If you're interested in the exact processors, versions and parameters, please take a look at the script and possibly the individual Dockerfiles.

Goal

Provide a test environment to produce OCR output for historical prints, using OCR-D, especially ocrd_calamari and sbb_textline_detection, including all dependencies in Docker.

How to use

Currently, due to problems with the Travis CI, we do not provide pre-built containers anymore.*

To build the containers yourself using Docker:

cd ~/devel/ocrd-galley/
./build

You can then install the wrappers into a Python venv:

cd ~/devel/ocrd-galley/wrapper
pip install .

You may then use the script my_ocrd_workflow to use your self-built containers on an example workspace:

# Download an example workspace
cd /tmp
wget https://qurator-data.de/examples/actevedef_718448162.first-page.zip
unzip actevedef_718448162.first-page.zip

# Run the workflow on it
cd actevedef_718448162.first-page
~/devel/ocrd-galley/my_ocrd_workflow

Viewing results

You may then examine the results using PRImA's PAGE Viewer:

java -jar /path/to/JPageViewer.jar \
  --resolve-dir . \
  OCR-D-OCR-CALAMARI/OCR-D-OCR-CALAMARI_00000024.xml

The example workflow also produces OCR evaluation reports using dinglehopper, if ground truth was available:

firefox OCR-D-OCR-CALAMARI-EVAL/OCR-D-OCR-CALAMARI-EVAL_00000024.html

ppn2ocr

The ppn2ocr script produces a workspace and METS file with the best images for a given document in the Berlin State Library (SBB)'s digitized collection.

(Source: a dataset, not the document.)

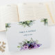 Erzählen Sie Ihren besonderen Tag mit unserem zauberhaften Lila und grünen Blumenschloss. Ein bezauberndes Blumendesign in lila und grünen Farbtönen schmückt einen unberührten, weißen Hintergrund.
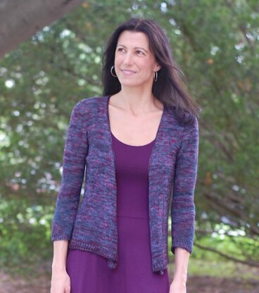 A reinterpretation of Lyrical Knits’ Simplicity Cardigan, this design has set in sleeves, more front coverage at the upper bodice, less pointy fronts, and trim to tame the curling at the edges and hem.

Install it with an up-to-date pip (otherwise this will fail due to a opencv-python-headless build failure):

pip install -r ~/devel/ocrd-galley/requirements-ppn2ocr.txt

The document must be specified by its PPN, for example:

~/devel/ocrd-galley/ppn2ocr PPN77164308X
cd PPN77164308X
~/devel/ocrd-galley/my_ocrd_workflow -I MAX --skip-validation

This produces a workspace directory PPN77164308X with the OCR results in it; the results are viewable as explained above.

ppn2ocr requires properly set up environment variables for the proxy configuration. At SBB, please read howto/docker-proxy.md and howto/proxy-settings-for-shell+python.md (in qurator's mono-repo).

ocrd-workspace-from-images

The ocrd-workspace-from-images script produces a OCR-D workspace (incl. METS) for the given images.

~/devel/ocrd-galley/ocrd-workspace-from-images 0005.png
cd workspace-xxxxx  # output by the last command
~/devel/ocrd-galley/my_ocrd_workflow

This produces a workspace from the files and then runs the OCR workflow on it.